Приходим в Зиньков, а там войска — курице негде клюнуть. И ни одного пешего. Все на конях да на тачанках. Ну, думаю, тут побазаруешь. Тут хотя бы назад как-нибудь выбраться, домой. А Маркьян: «Идем, вон возле маслобойни народ толпится, может, там собрание какое» — и туда. До собраний он страх охочий был, да еще если дадут выступить — куда там! Пошел. Смотрю, уже порядок наводит: руками размахивает, кричит, усы наежились… Подхожу себе — ан там грабеж: тот масло в ведро цедит, тот подсолнечными зернами пазуху набивает, тот макуху катит. А Маркьян мой уже кого-то за полы водит. «Куда прешь? — кричит. — В очередь стань! Порядка, что ли, не знаешь?!» Оно, может, и ничего, обошлось бы, да тут, на беду, возьми и явись двое махновцев конных. Один такой вот, как я, щуплый, а другой — мордастый, шея — хоть ободья на ней гни. «Кто здесь порядок наводит?» — спрашивает и товарищу своему подмигивает. А Маркьян усы пальцем подправил, осклабился: «Я, ваше благородие!» — «Угу, — говорит мордастый. — Ну-ка, иди сюда… Фамилия? Так-с… Значит, ты порядка хочешь? А ты знаешь, рожа немытая, что мы анархия? Что мы за свободу, за полный беспорядок то исть, кровь свою проливаем?» Да как стеганет Маркьяна нагайкой вдоль спины, как стеганет! Народ хохочет, столпился. «Так его, так!» — подзуживают.
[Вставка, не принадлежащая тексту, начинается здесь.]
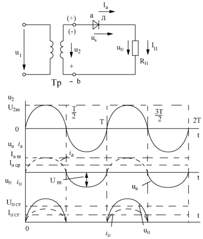 Анализ работы выпрямителей проводят при допущениях, что диод (вентиль) и трансформатор идеальны. Это означает, что

Известно, каков наш брат мужик — одного бьют, а десять радуются, что не их!..
Кинулся я к тому, мордастому: «Пустите, говорю, человека, он ведь хотел, как лучше». Едва упросил…
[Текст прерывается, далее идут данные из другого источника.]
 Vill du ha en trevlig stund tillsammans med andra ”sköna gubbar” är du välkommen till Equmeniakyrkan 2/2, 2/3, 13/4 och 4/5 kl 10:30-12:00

Потом уж, как за Зиньков вышли, говорю Маркьяну: «За каким чертом ты туда лез?» А он: «Разве ж я знал, что у них такие порядки, чтоб за порядок бить?!»
И снова хохотала компания, теперь уже не оглядываясь ни на Стеху, которая примостилась на лежанке передохнуть — младшие стряпухи хлопотали у столов сами, — ни на Маркьяновых родичей, которые, подвыпив, тайком улыбались и уже не против были запеть, кто-то из них все же не удержался и начал свою, хуторскую:
За лесом, за дремучим
ізбушка стояла-а-а,
а в этой, у ізбушки,
там вдовушка і’ жила-а-а…
На него было кое-кто из тех, кто потрезвее, зашикал, боясь, что песня про вдовушку лишь растравит Стехино горе, но Стеха сказала: «Пусть уж поют люди, раз потянуло», и люди запели дружнее, ладнее, всей душой отдаваясь песне и приятной подсознательной радости оттого, что они живы, что их ждут натопленные хаты, жены, мужья, дети, что метель улеглась и взошел месяц, так домой будет видно идти…
Скажи, скажи, хозяечка,
с каких ти пор вдова-а-а…
вдова я з того года,
как почаласьі война-а-а…
Стеха склонилась на подушку и тихо заплакала, вспомнив старших своих сыновей, которых забрала у нее война: один сгорел в танке под Кировоградом, а другой полег где-то на чужбине, под каким-то немецким селением, с таким трудным и длинным названием, что она никак не могла выговорить.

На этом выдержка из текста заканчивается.